NYAPRS Peer Bridger™ model: a peer-run and staffed model providing transitional  support for people being discharged from state and local hospitals, with the goal of helping  people to live successfully in the community, breaking cycles of frequent relapses and  readmissions. The program includes inpatient and community based intensive one on one  peer support groups, discharge planning, connection to community resources; provides  access to emergency housing, wrap around dollars and free cell phones and minutes.  

Intensive Mobile Treatment teams: a NYCDOHMH program providing intensive and  continuous support and treatment to individuals right in their communities, where and when  they need it. Clients have had recent and frequent contact with the mental health, criminal  justice, and homeless services systems, recent behavior that is unsafe and escalating, and  who were poorly served by traditional treatment models. Intensive Mobile Treatment (IMT) teams include mental health, substance use, and peer specialists who provide support and  treatment including medication and facilitate connections to housing and additional  supportive services.  

Pathway Home™: a community-based care transition/management intervention offering  intensive, mobile, time-limited services to individuals transitioning from an institutional  setting back to the community.

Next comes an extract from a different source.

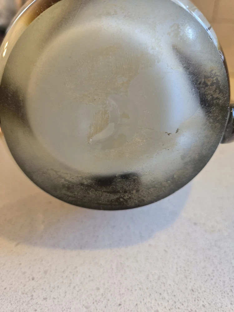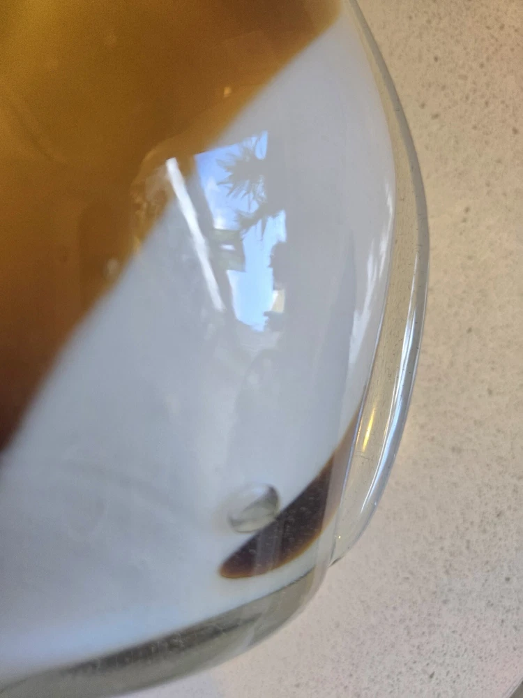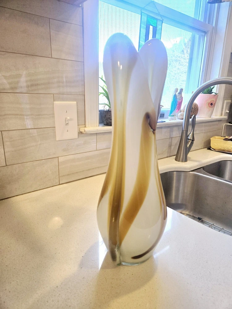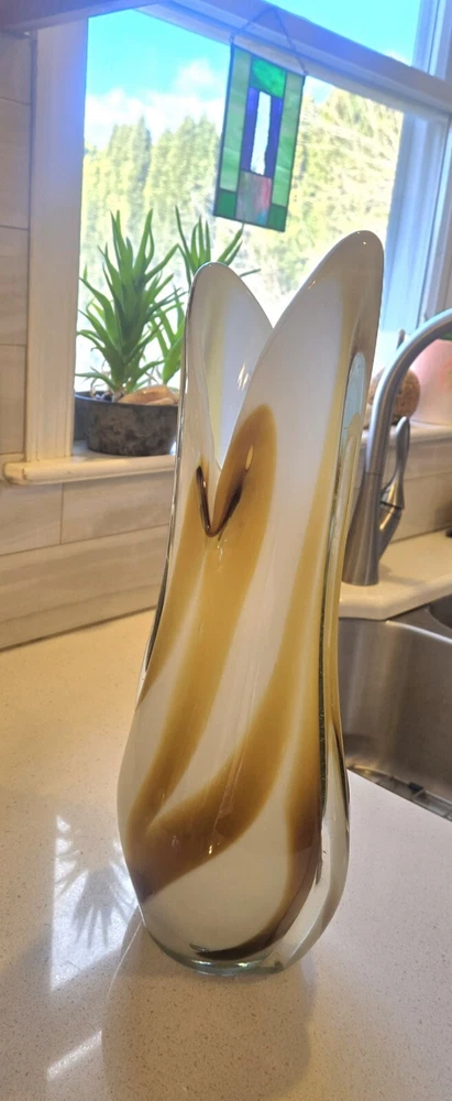 Unique swung-style glass vase with amber and white streaks. This vase is tall at a little over 15" and sleek with its curves and rounded bottom. It's heavy - around 4 lbs and the glass is thick. There is clear glass that juts out on the sides to add extra interest. Multiple bubbles can be found as well, which I believe adds character. The amber gradually lightens and darkens throughout the wide streaks. This vase begs to be put in just the right place in just the right home.

The Coordinated Behavioral Care (CBC ) program acts as a  single point of referral to multidisciplinary teams at ten care management agencies (CMAs).  These teams maintain small caseloads and offer flexible interventions where frequency,  duration and intensity is tailored to match the individual’s community needs and have the  capacity to respond rapidly to crisis. The program employs Critical Time Intervention (CTI)  — a time-limited, evidence-based practice that mobilizes support for society’s most  vulnerable individuals during periods of transition. It facilitates community integration and  continuity of care by ensuring that a person has enduring ties to their community and support  systems during these critical periods.  

Fountain House Clubhouses: Fountain House addresses both the health and social needs  of its members through an integrated model that connects its physical clubhouse – where  members are engaged in an innovative therapeutic community rooted in social practice, and  take steps in reclaiming their agency and dignity – with access to clinical support, housing,  and care management. 

Westchester Forensic Mobile Teams: work directly with law enforcement in the field and  courts, seeking alternatives to incarceration (ATI), to provide immediate crisis response  and/or transitional care services to people at risk of entering the criminal justice system due  to under-addressed mental health, addiction, or social determinants of health issues.